__RECORDED DATA__
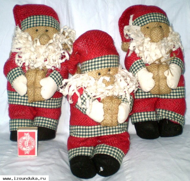 Деды морозы из мешковины. Рост - ориентир на спичечный коробок (5см).Отличное состояние. В подарок плюшевый рождественский олень 1980-е гг.
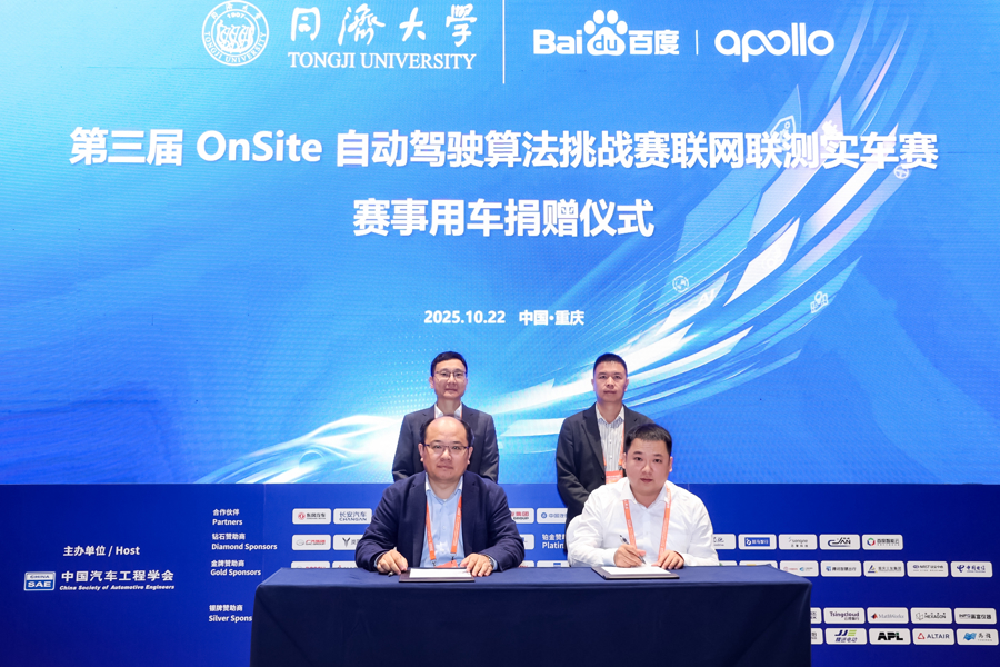 “OnSite自动驾驶算法挑战赛自举办以来,始终以‘开放、公平、共享’为宗旨,致力于打造我国自动驾驶技术测试与验证的公共服务平台。今年的实车赛,将在同济大学嘉定校区智能网联测试场和交通部公路院通州测试场同步举行,汇聚全国高校、科研院所团队,共同探索自动驾驶技术的安全验证、算法评测和场景构建新路径。”同济大学汽车学院院长熊璐在捐赠仪式上表示,百度此次向同济大学捐赠10辆自动驾驶测试车辆,为OnSite实车赛提供了宝贵的测试装备保障。这一举措不仅体现了百度在智能驾驶领域的技术担当与社会责任,也将为高校科研团队提供更完善的实验条件,促进产学研的深度协同与创新实践。
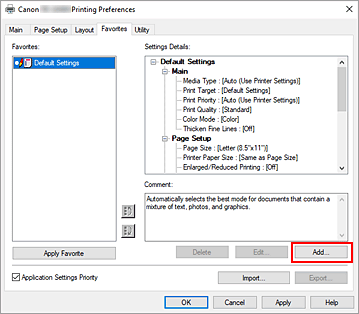 Puede registrar las opciones de impresión utilizadas más habitualmente en Favoritos (Favorites). En cualquier momento se pueden borrar los perfiles de impresión innecesarios.
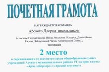 9 января прошли соревнования по шахматам среди общеобразовательных учреждений Арского муниципального района РТ на приз газеты "Арский вестник". Команда Арского Дворца школьников, в составе которой было три обучающихся нашей школы- Галяуетдинов Нияз, Фазлыев Ильдус, Зайнуллина Чачка, заняла 2 место.

__WORK ITEM__
Your answer must be an exact copy of the data above, minus its pictures.

__YOUR RESPONSE__
 Деды морозы из мешковины. Рост - ориентир на спичечный коробок (5см).Отличное состояние. В подарок плюшевый рождественский олень 1980-е гг.
 “OnSite自动驾驶算法挑战赛自举办以来,始终以‘开放、公平、共享’为宗旨,致力于打造我国自动驾驶技术测试与验证的公共服务平台。今年的实车赛,将在同济大学嘉定校区智能网联测试场和交通部公路院通州测试场同步举行,汇聚全国高校、科研院所团队,共同探索自动驾驶技术的安全验证、算法评测和场景构建新路径。”同济大学汽车学院院长熊璐在捐赠仪式上表示,百度此次向同济大学捐赠10辆自动驾驶测试车辆,为OnSite实车赛提供了宝贵的测试装备保障。这一举措不仅体现了百度在智能驾驶领域的技术担当与社会责任,也将为高校科研团队提供更完善的实验条件,促进产学研的深度协同与创新实践。
 Puede registrar las opciones de impresión utilizadas más habitualmente en Favoritos (Favorites). En cualquier momento se pueden borrar los perfiles de impresión innecesarios.
 9 января прошли соревнования по шахматам среди общеобразовательных учреждений Арского муниципального района РТ на приз газеты "Арский вестник". Команда Арского Дворца школьников, в составе которой было три обучающихся нашей школы- Галяуетдинов Нияз, Фазлыев Ильдус, Зайнуллина Чачка, заняла 2 место.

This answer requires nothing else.